Optimal control for despin of underactuated tumbling satellites
Abstract/Contents
- Abstract
- A critical issue that must be addressed to enable on-orbit servicing of satellites or removal of space debris is how to capture and despin an object that may be tumbling. The scenario addressed by this work is the case of a damaged or uncooperative tumbling object. Such an object could be a non-responsive "zombiesat'' that needs to be serviced, or a piece of space debris that needs to be removed. This scenario is of particular importance because uncooperative tumbling objects can pose a danger to active satellites in nearby orbits. Servicing tumbling satellites requires several steps. One of the most critical is to despin the satellite, i.e. to drive its angular momentum towards zero. Solving for the optimal thruster commands to perform the despin is computationally complex, especially when the actuation is severely limited as can be the case for an uncooperative tumbling satellite. This problem can be solved in principle using existing numerical dynamic programming (NDP) methods, but the data storage requirements of the solution exceed the capabilities of current satellite computers. Closed form solutions also exist, but only for special cases with specific thruster orientations, inertia properties, and cost functionals. This dissertation describes a control approach that provides a reduced computational cost solution to the despin problem for severely underactuated satellites undergoing general tumbling motion.
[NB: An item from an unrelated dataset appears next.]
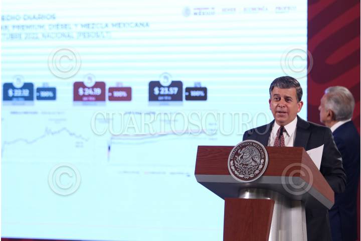 CIUDAD DE MÉXICO, 17OCTUBRE2022.-Andrés Manuel López Obrador, presidente de México acompañado de Jorge Nuño Lara, subsecretario de Infraestructura de la Secretaría de Infraestructura, Comunicaciones y Transportes y Ricardo Sheffield Padilla, titular de la Procuraduría Federal del Consumidor (Profeco) durante la conferencia matutina en Palacio Nacional. FOTO: ANDREA MURCIA /CUARTOSCURO.COM

The approach is based on an NDP algorithm, but the data storage requirements are reduced by up to three orders of magnitude and the computation time requirements are reduced by up to one order of magnitude through a selection of novel ``trajectory'' state and staging variables that incorporates the underlying dynamics into NDP. Only the rotational degrees of freedom are considered in this work. Simulation and experimental results are presented. Simulations were performed for two important tumbling satellite scenarios and demonstrate the computational benefits of using trajectory state and staging variables in NDP. Laboratory experiments were performed using a small-scale tumbling satellite simulator and demonstrate the viability of the control approach.
Description
| Type of resource | text |
|---|---|
| Form | electronic; electronic resource; remote |
| Extent | 1 online resource. |
| Publication date | 2012 |
| Issuance | monographic |
| Language | English |
Creators/Contributors
| Associated with | Sheinfeld, Daniel Jacob |
|---|---|
| Associated with | Stanford University, Department of Aeronautics and Astronautics |
| Primary advisor | Rock, Stephen M |
| Thesis advisor | Rock, Stephen M |
| Thesis advisor | Alonso, Juan José, 1968- |
| Thesis advisor | Close, Sigrid, 1971- |
| Advisor | Alonso, Juan José, 1968- |
| Advisor | Close, Sigrid, 1971- |
Subjects
| Genre | Theses |
|---|
Bibliographic information
| Statement of responsibility | Daniel Sheinfeld. |
|---|---|
| Note | Submitted to the Department of Aeronautics and Astronautics. |
| Thesis | Thesis (Ph.D.)--Stanford University, 2012. |
| Location | electronic resource |
Access conditions
- Copyright
- © 2012 by Daniel Jacob Sheinfeld
- License
- This work is licensed under a Creative Commons Attribution Non Commercial 3.0 Unported license (CC BY-NC).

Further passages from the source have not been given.